=== Data extract ===

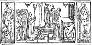 Description: On Holy Saturday, a deacon lights one candle from three and sings, “Lumen Christi” (“the light of Christ”), to which all reply,”Deo gratis” (“thanks be to God”). The image is flanked by a border containing angels, or putti, suspended over the heads of soldiers.
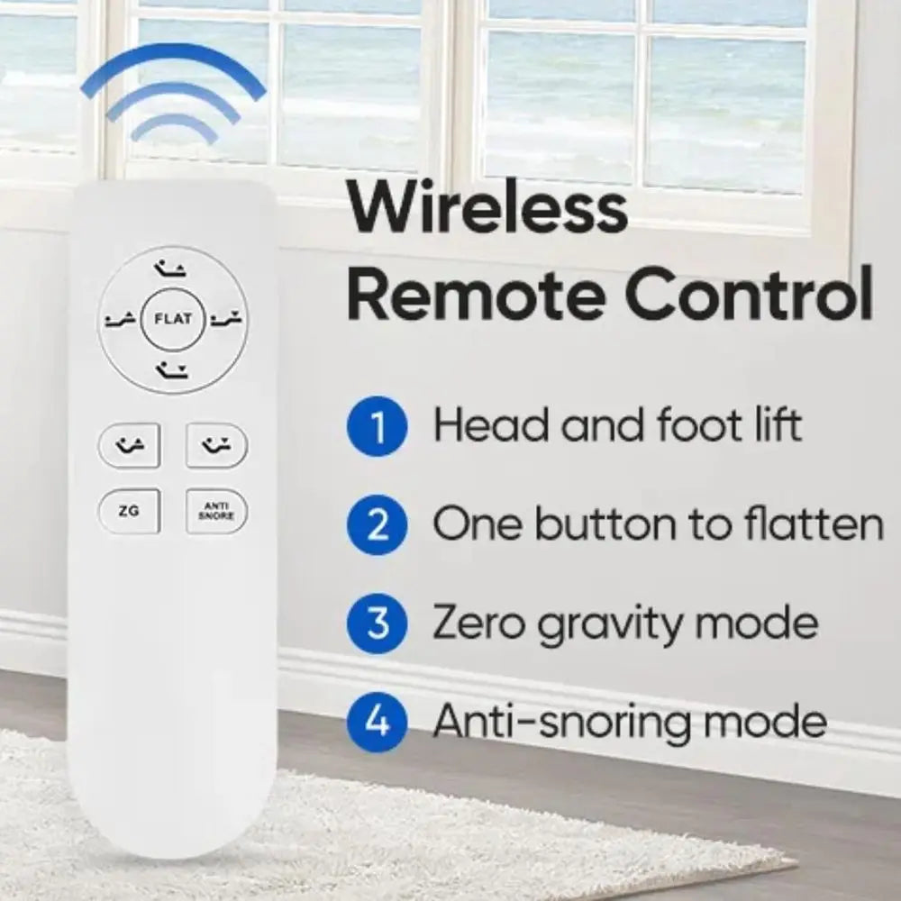 Split King Electric Adjustable Bed Frame with Wireless Remote, 3 Retainer Bars, Anti-Snore, Zero Gravity Features
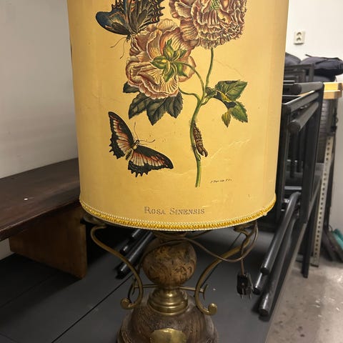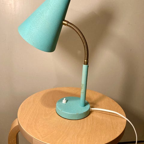 Pullovalaisin 5 m johdolla. Vanha ja kulunut, mutta toimiva. Korkeus kuvun kanssa n. 44 cm. E27-kanta.
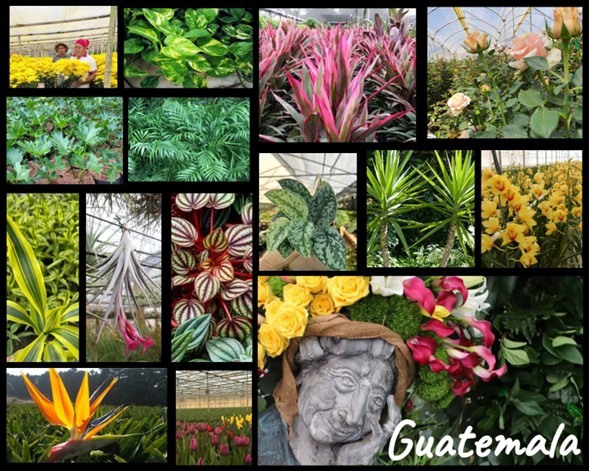 In Guatemala worden veel verschillende soorten bloemen en planten geteeld. "Bij snijbloemen worden rozen, anjers, chrysanten, heliconias, opvullers, paradijsvogels, gembers en anthuriums geteeld. Het assortiment sierplanten bestaat uit tropische variëteiten zoals scindapsus, epipremnum (gouden pothos), philodendron, marantas, codiaeum (croton), marble queen, aglaonemas en schefflera. Planten voor koudere klimaten omvatten klimop, peperomias, dieffenbachia, vaste planten, poinsettia's en eenjarigen. Snijgroen omvat chamaedorea, ledervaren, xate, boomvaren en cyca bladeren. Andere beschikbare producten zijn stelen zoals beaucarneas, yucca, dracaenas, cordylines en sanderianas, evenals bromelia's, orchideeën, tillandsia's en gedroogde bloemen.
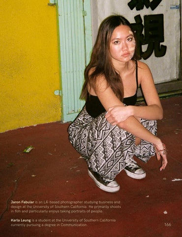 Jaron Fabular is an LA-based photographer studying business and design at the University of Southern California. He primarily shoots in film and particularly enjoys taking portraits of people. Karla Leung is a student at the University of Southern California currently pursuing a degree in Communication.
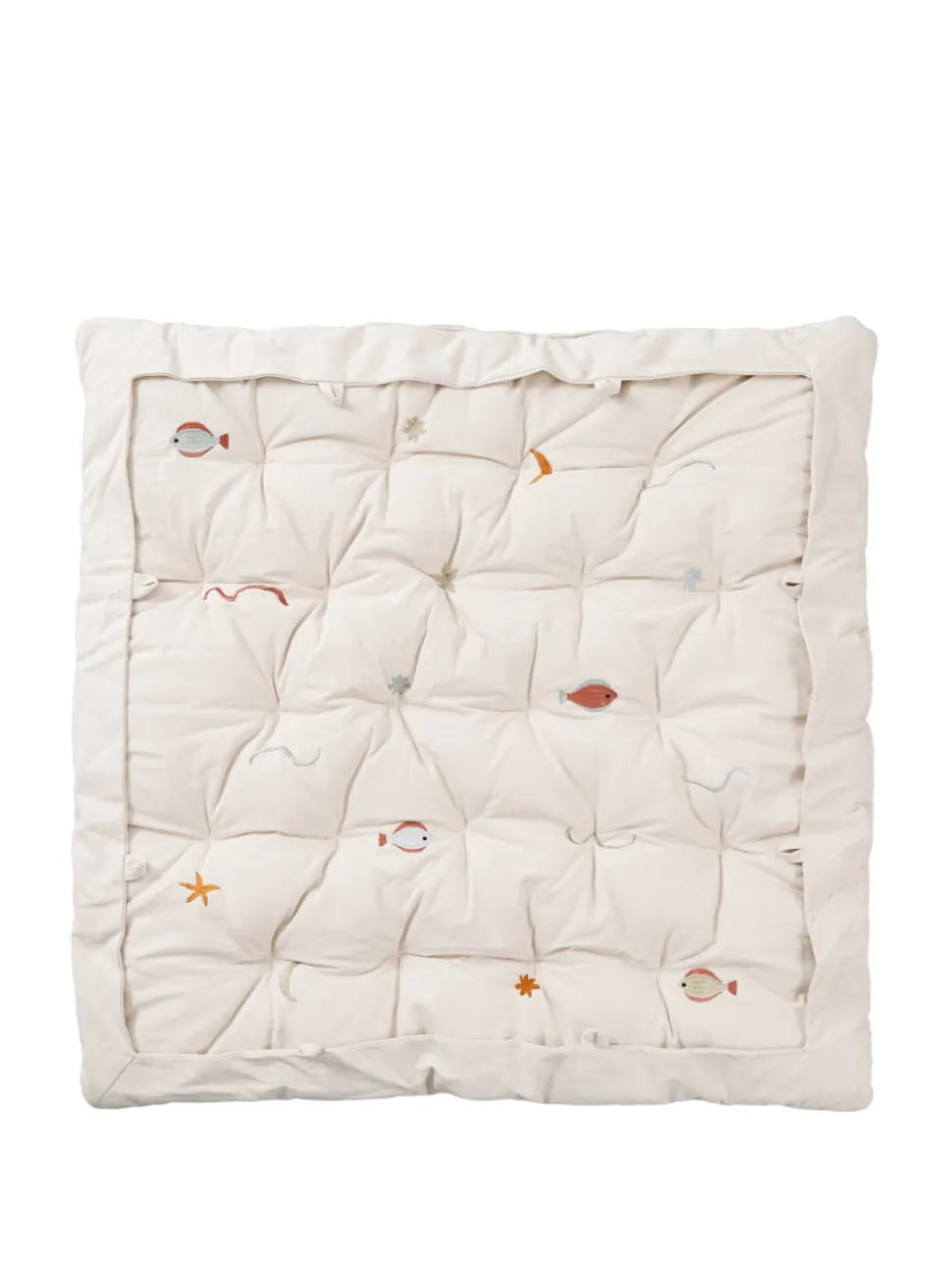Die Harbour Padded Playmat von ist für kleine Abenteurer gemacht, die die Welt gerne vom Boden aus erkunden. Die weiche, gesteppte Spielmatte ist aus ungefärbtem Bio-Baumwollstoff gefertigt und mit schönen gestickten Meeresmotiven verziert, die zum Spielen und Fantasieren einladen. Die dezente Polsterung sorgt für zusätzlichen Komfort, während die feinen Details dem Kinderzimmer einen zeitlosen Charme verleihen.
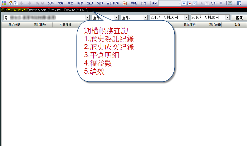 點選交易目錄中的期權帳務,進入期權帳務頁面。 ▼ 點選交易目錄中的期權帳務,進入期權帳務頁面 點選交易目錄中的期權帳務,進入期權帳務頁面  ▼ 期權帳務資訊分為歷史委託查詢、歷史成交查詢、平倉明細、權益數、績效等頁面,點選不同頁面,會有不同的資訊 期權帳務資訊分為歷史委託查詢、歷史成交查詢、平倉明細、權益數、績效等頁面,點選不同頁面,會有不同的資訊
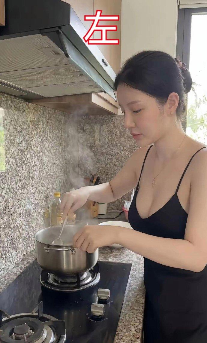 左:精致美女下厨,氛围感拉满; 右:我本人下厨,主打一个「接地气」。 别人做

===

- _Task item_
Omitting all pictures, reproduce the records above in their entirety.

- _Output of the task_
 Description: On Holy Saturday, a deacon lights one candle from three and sings, “Lumen Christi” (“the light of Christ”), to which all reply,”Deo gratis” (“thanks be to God”). The image is flanked by a border containing angels, or putti, suspended over the heads of soldiers.
 Split King Electric Adjustable Bed Frame with Wireless Remote, 3 Retainer Bars, Anti-Snore, Zero Gravity Features
 Pullovalaisin 5 m johdolla. Vanha ja kulunut, mutta toimiva. Korkeus kuvun kanssa n. 44 cm. E27-kanta.
 In Guatemala worden veel verschillende soorten bloemen en planten geteeld. "Bij snijbloemen worden rozen, anjers, chrysanten, heliconias, opvullers, paradijsvogels, gembers en anthuriums geteeld. Het assortiment sierplanten bestaat uit tropische variëteiten zoals scindapsus, epipremnum (gouden pothos), philodendron, marantas, codiaeum (croton), marble queen, aglaonemas en schefflera. Planten voor koudere klimaten omvatten klimop, peperomias, dieffenbachia, vaste planten, poinsettia's en eenjarigen. Snijgroen omvat chamaedorea, ledervaren, xate, boomvaren en cyca bladeren. Andere beschikbare producten zijn stelen zoals beaucarneas, yucca, dracaenas, cordylines en sanderianas, evenals bromelia's, orchideeën, tillandsia's en gedroogde bloemen.
 Jaron Fabular is an LA-based photographer studying business and design at the University of Southern California. He primarily shoots in film and particularly enjoys taking portraits of people. Karla Leung is a student at the University of Southern California currently pursuing a degree in Communication.
Die Harbour Padded Playmat von ist für kleine Abenteurer gemacht, die die Welt gerne vom Boden aus erkunden. Die weiche, gesteppte Spielmatte ist aus ungefärbtem Bio-Baumwollstoff gefertigt und mit schönen gestickten Meeresmotiven verziert, die zum Spielen und Fantasieren einladen. Die dezente Polsterung sorgt für zusätzlichen Komfort, während die feinen Details dem Kinderzimmer einen zeitlosen Charme verleihen.
 點選交易目錄中的期權帳務,進入期權帳務頁面。 ▼ 點選交易目錄中的期權帳務,進入期權帳務頁面 點選交易目錄中的期權帳務,進入期權帳務頁面  ▼ 期權帳務資訊分為歷史委託查詢、歷史成交查詢、平倉明細、權益數、績效等頁面,點選不同頁面,會有不同的資訊 期權帳務資訊分為歷史委託查詢、歷史成交查詢、平倉明細、權益數、績效等頁面,點選不同頁面,會有不同的資訊
 左:精致美女下厨,氛围感拉满; 右:我本人下厨,主打一个「接地气」。 别人做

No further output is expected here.